Ce faisant, d’une part on a pas nécessairement la clef du changement par le seul fait de reconnaître la cause, mais surtout de mon point de vue on a encore aucune information sur l’organisation de la conduite, sur les schèmes. Pourquoi ?

Deux raisons. La première c’est que l’aide au changement est tellement prégnante qu’elle occulte le faire, qui paraît alors tellement secondaire par rapport aux troubles de la personnalité. La seconde, c’est que dans ce cadre thérapeutique (au sens large) on ne s’occupe que rarement des activités finalisées (qui ont un but) et productives (qui visent à produire un résultat), nous n’avons affaire qu’à la réponse incompréhensible à un événement (provisoirement non identifié et donc invisible pour le sujet).

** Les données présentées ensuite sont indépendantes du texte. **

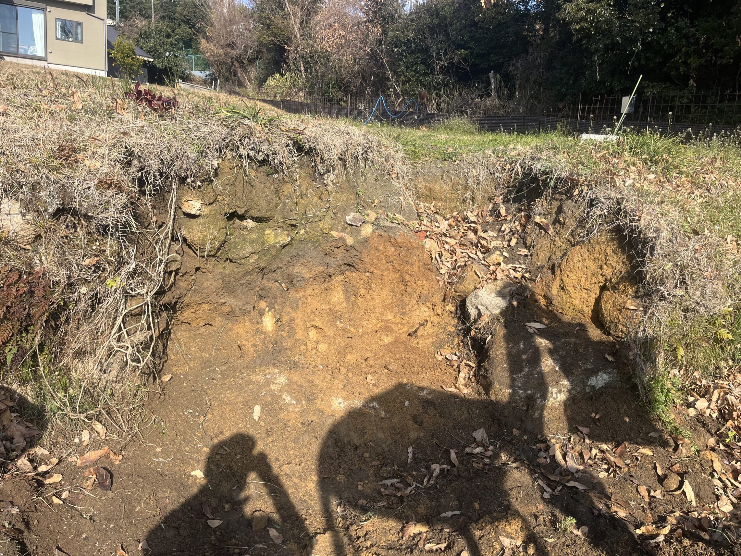 大雨の影響で崩れてしまった石垣の土留め工事です。before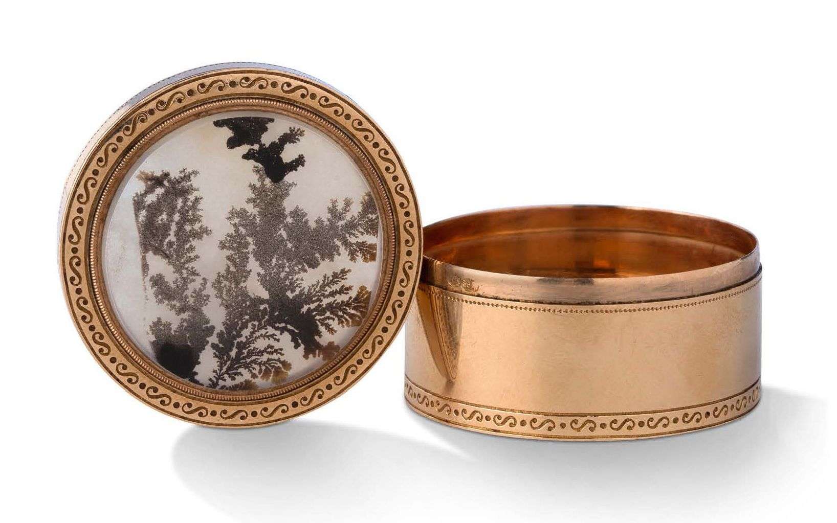 Boîte de forme circulaire en or jaune à décor de frises et filets gravés, le couvercle est orné d'une agate dendritique.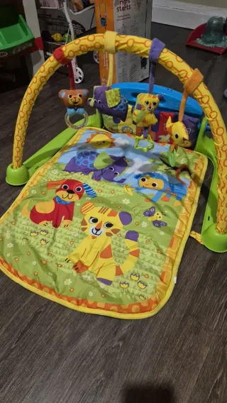 Gimnasio de actividades para bebés con un diseño colorido y entretenido. - Incluye varios juguetes colgantes. - Tapete acolchado para mayor comodidad. - Estructura de arcos para colgar los juguetes.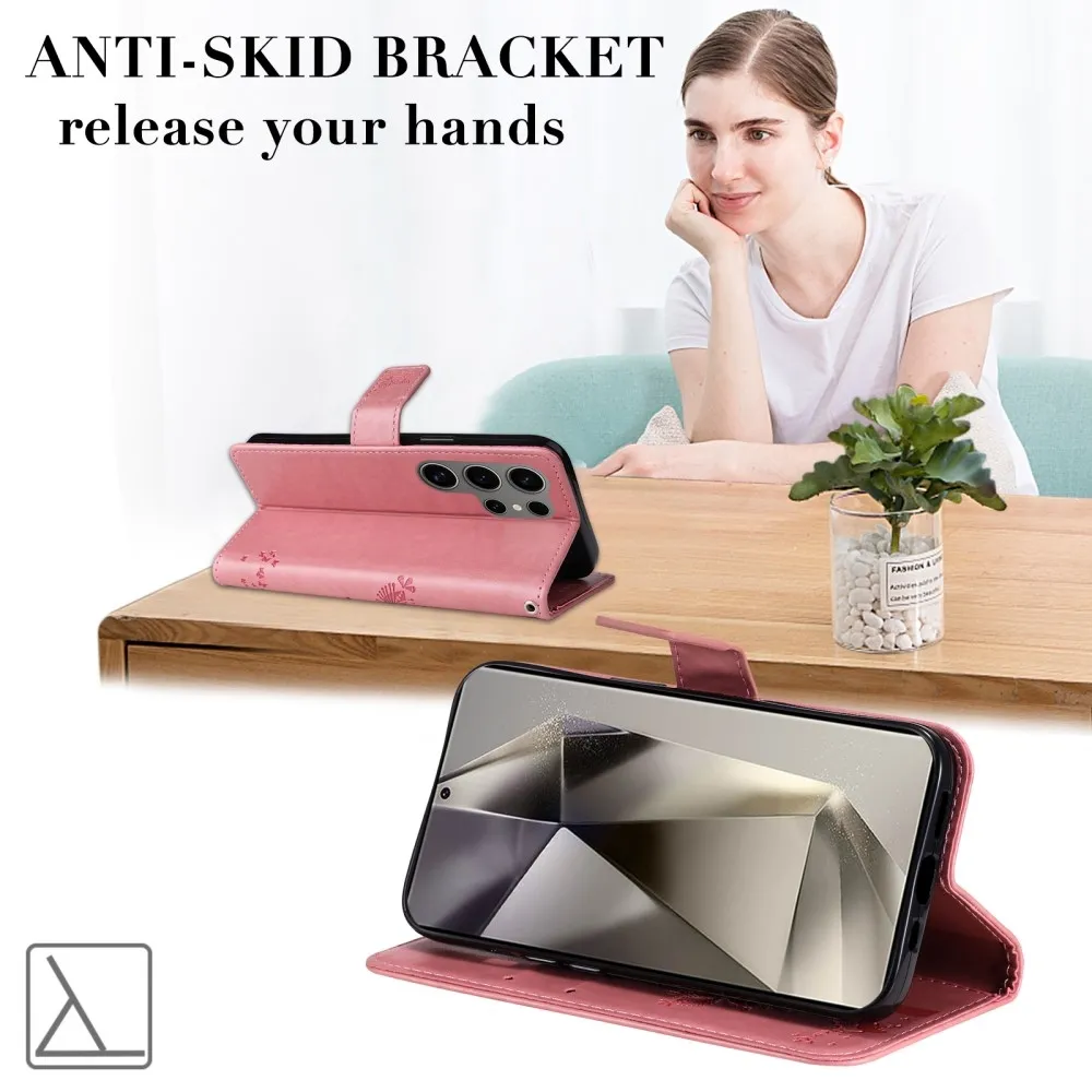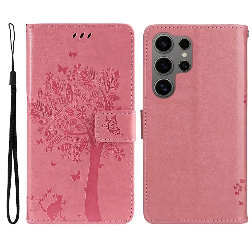 Rózsaszín pénztárca tok Trees a Samsung Galaxy S25 Ultra készülékhez
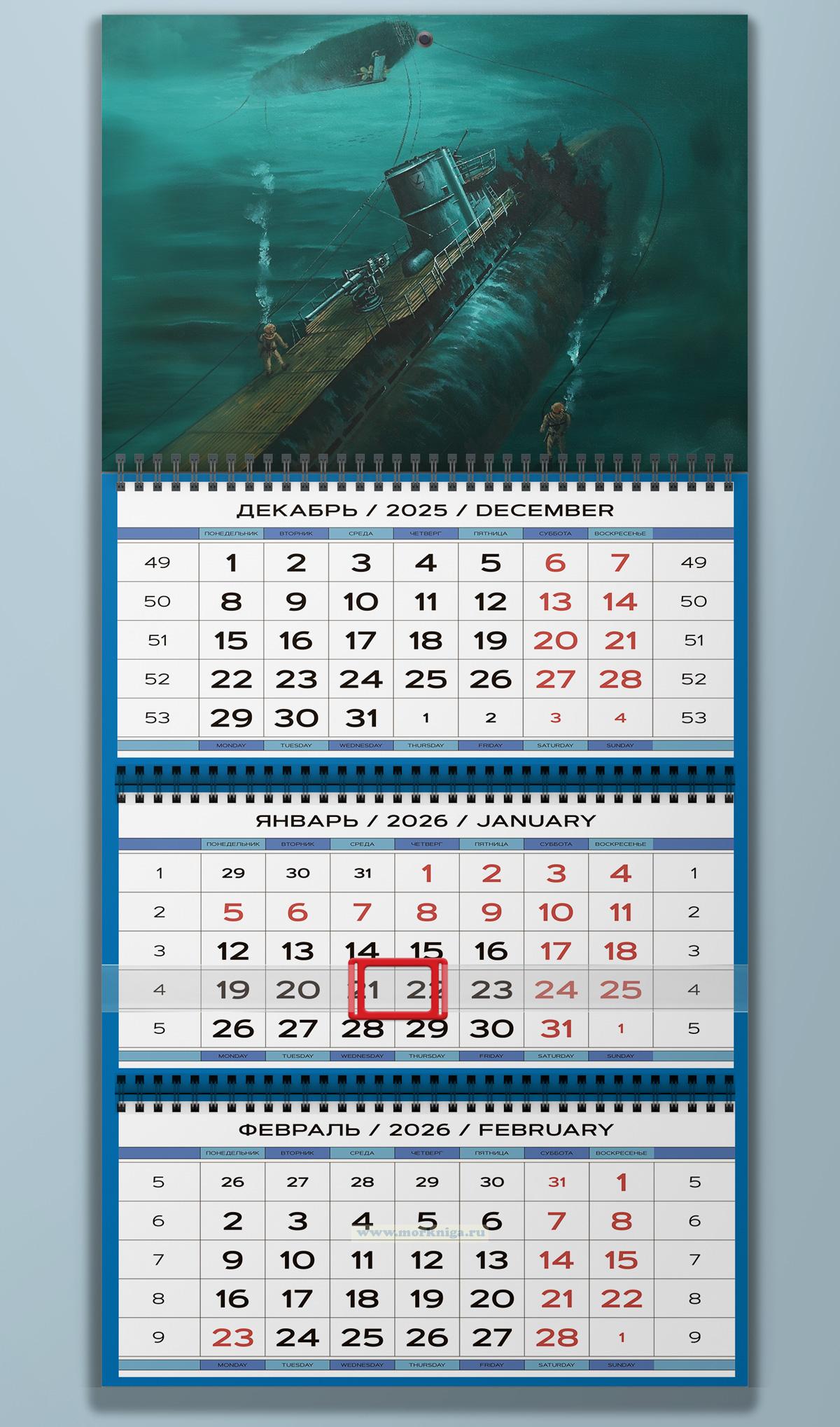 Календарь квартальный "Французские водолазы обследуют затонувшую немецкую подводную лодку" на 2026 год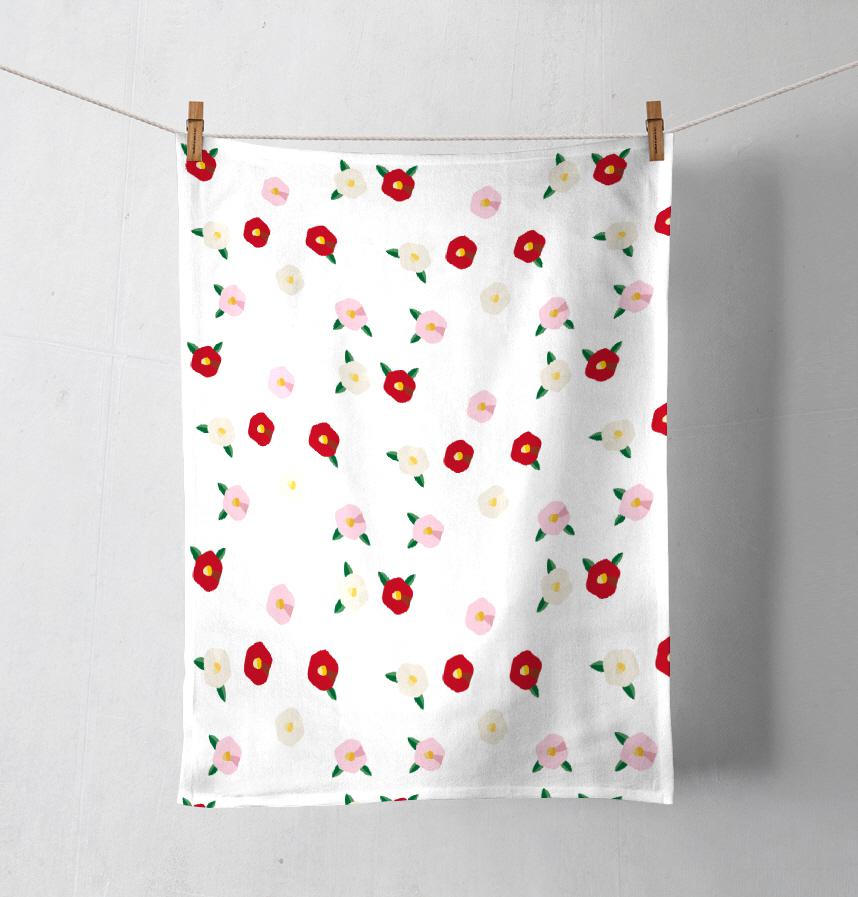 パターン説明 椿の花をランダムに配置したシームレスパターン

Le 20 ème siècle ne s’est autorisé à prendre en compte la subjectivité que dans le cadre thérapeutique. L’étude de la cognition s’est totalement faite sur la base des observables et des traces, sans prise en compte des données introspectives en première et seconde personne. Or la plupart de nos activités quotidiennes sont des conduites finalisées, visant un but, un résultat, que ce soit à l’école, en formation, au travail, dans les loisirs … L’entretien d’explicitation renverse ce mouvement pour prendre en compte en priorité l’élucidation du déroulement des conduites finalisées. Je sais d’autant mieux faire la différence et ne pas mélanger les deux points de vue que j’ai moi-même eu une formation et une pratique de psychothérapeute. J’ai travaillé avec le corps, l’émotion, les rêves, les rêves éveillés dirigés, l’histoire traumatique des personnes. Je sais très bien où se situe la frontière, et je me garde bien de mélanger. Reste qu’entre la psychothérapie et l’entretien d’explicitation il y a une zone confuse où les deux risquent se mélanger : ce sont tous les dispositifs de supervision, d’analyse de pratique, de coaching. Dans ces dispositifs, on ne sait jamais au départ s’il s’agit de débriefer un faire, ou des croyances limitantes, ou des traces traumatiques handicapantes, ou plus graves encore. Le choix de l’animateur va dépendre de ses compétences, du contrat d’accompagnement, et des limites déontologiques propres à la situation institutionnelle.

Si je reviens à notre exemple tiré d’un roman de Vargas. Nous sommes dans l’exemple de l’élucidation d’un événement traumatique, pas dans la mise à jour des détails d’un faire. Du coup, si les messages du Potentiel sont nombreux et puissants (les N3), nous sommes totalement en dehors du cadre de l’explicitation par le manque de référence à l’action et donc à la possibilité de découvrir les schèmes mobilisés par le Potentiel.

 

 

 

1 Rappel : les niveaux de description de l’action: N1 description globale de l’action ; N2 : description détaillée, définissant la base du travail en entretien d’explicitation; N3 : les consciences de signaux qui se surajoutent à la description, sans être pour autant immédiatement clair ; N4 : le sens du N3 relativement à l’action, c’est-à-dire son organisation, les schèmes mobilisés.